━━ INPUT FOR THIS TASK ━━

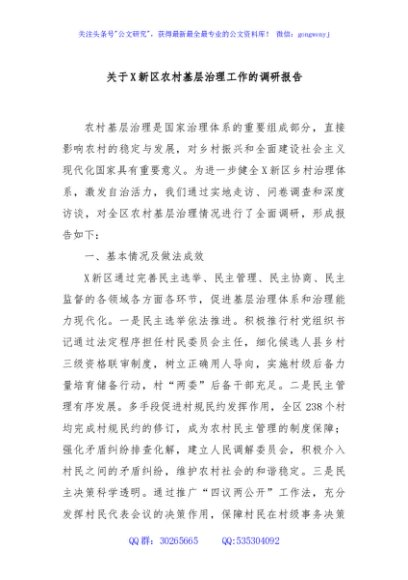 / 关于X新区农村基层治理工作的调研报告
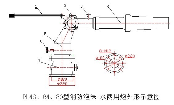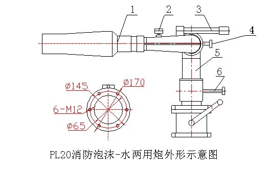 PL48:表示噴射介質分別為泡沫混合液和水、泡沫混合液流量為48L/s的手動消防泡沫—水兩用炮
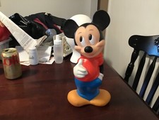 Vintage 70s Disney Mickey Mouse Rubber Plastic Piggy Bank 12" Illco Toy Co
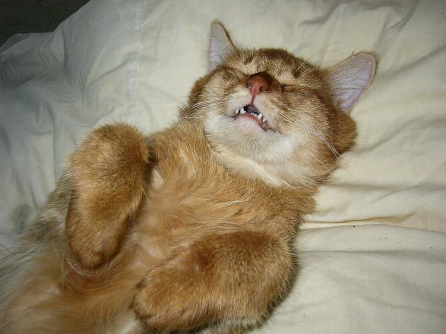 そして、扇風機の風が気持ち良いのか、ラッコのように体を仰向けにして伸びました。(w
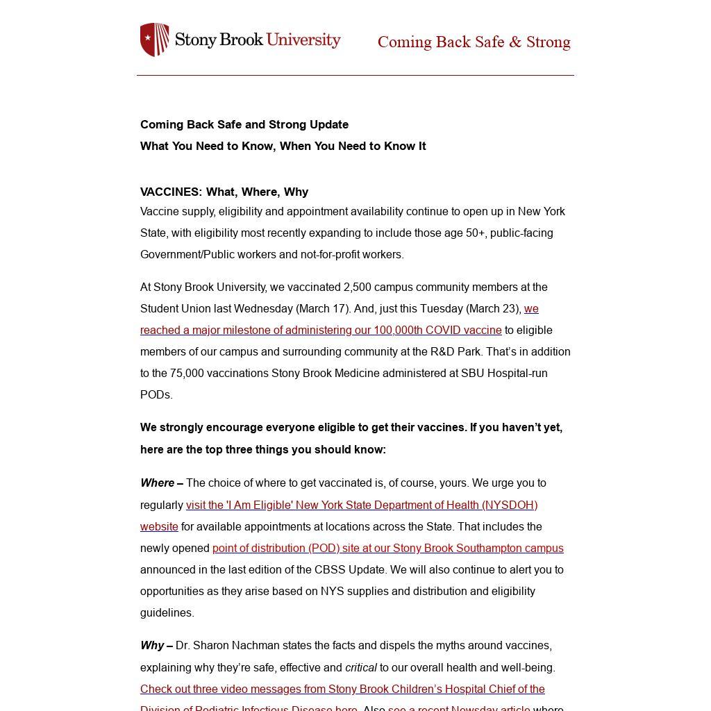 At Stony Brook University, we vaccinated 2,500 campus community members at the Student Union last Wednesday (March 17). And, just this Tuesday (March 23), we reached a major milestone of administering our 100,000th COVID vaccine to eligible members of our campus and surrounding community at the R&D Park. That’s in addition to the 75,000 vaccinations Stony Brook Medicine administered at SBU Hospital-run PODs.
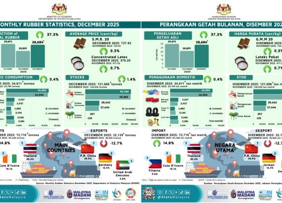 KUALA LUMPUR, 12 feb (NNN-BERNAMA) — La producción de caucho natural en Malasia alcanzó las 28.684 toneladas en diciembre de…
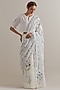 Off-White Cotton Chanderi Floral Hand Block Printed Saree Set
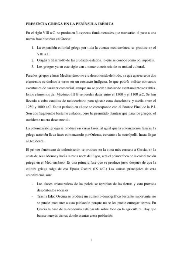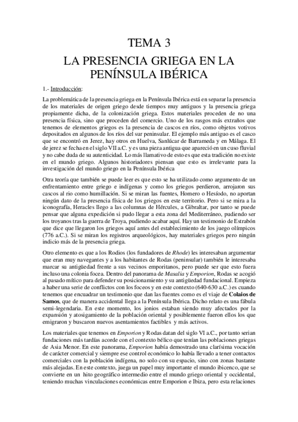 BLOQUE I: La Península ibérica desde el Bronce Final hasta la conquista romana- 3. La presencia griega
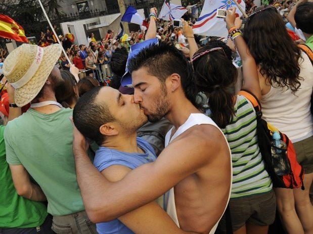 A polícia impediu nesta quinta-feira a manifestação de uma centena de homossexuais, homens e mulheres, que convocaram um "beijaço" durante a passagem do papa Bento XVI, bloqueando o grupo quando ele se dirigia ao local previsto para sua ação. Apesar disso, ao menos dois rapazes foram fotografados se beijando durante a passagem do Pontífice pela Praça Cibeles.
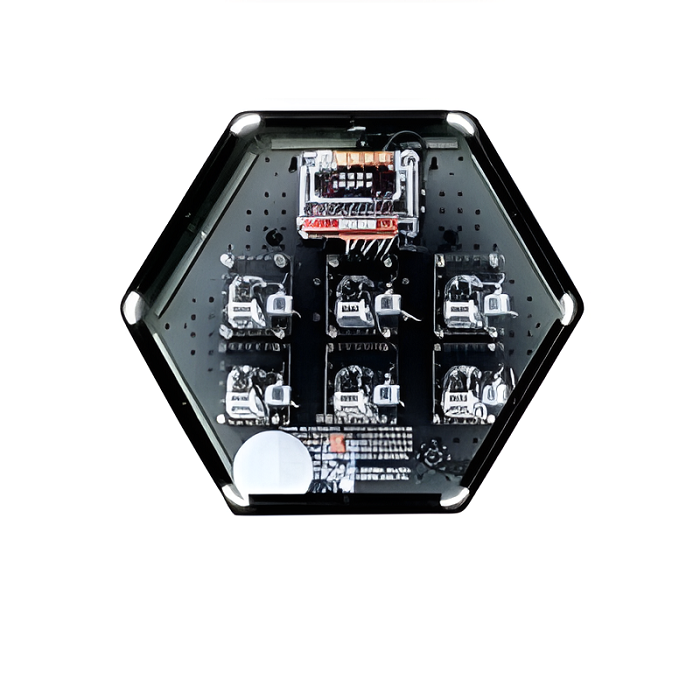 Интерактивный модуль для оформления зон рекреации, кабинетов, IT-полигона, библиотеки, медиа зоны. Модуль позволяет изучить принципы и технологии включающие такие аспекты, как распознавание речи, синтез музыки. Модуль выполнен в форме шестиугольной призмы с интерактивным наполнением.
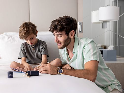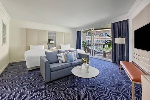 Located on high floors, this 2 double beds room offers connected technologies, blue and beige color design. Perfect to enjoy a breathtaking sea view on the private terrace. Connected TV, coffee machine and digital technologies available. 35 sqm.

━━━

▶ WORK INSTRUCTION
Return exactly the lines above, from the one with "Vintage 70s Disney" up to and including the one with "KUALA LUMPUR, 12", and include no pictures.

▶ ANSWER TO THE EXERCISE
 Vintage 70s Disney Mickey Mouse Rubber Plastic Piggy Bank 12" Illco Toy Co
 そして、扇風機の風が気持ち良いのか、ラッコのように体を仰向けにして伸びました。(w
 At Stony Brook University, we vaccinated 2,500 campus community members at the Student Union last Wednesday (March 17). And, just this Tuesday (March 23), we reached a major milestone of administering our 100,000th COVID vaccine to eligible members of our campus and surrounding community at the R&D Park. That’s in addition to the 75,000 vaccinations Stony Brook Medicine administered at SBU Hospital-run PODs.
 KUALA LUMPUR, 12 feb (NNN-BERNAMA) — La producción de caucho natural en Malasia alcanzó las 28.684 toneladas en diciembre de…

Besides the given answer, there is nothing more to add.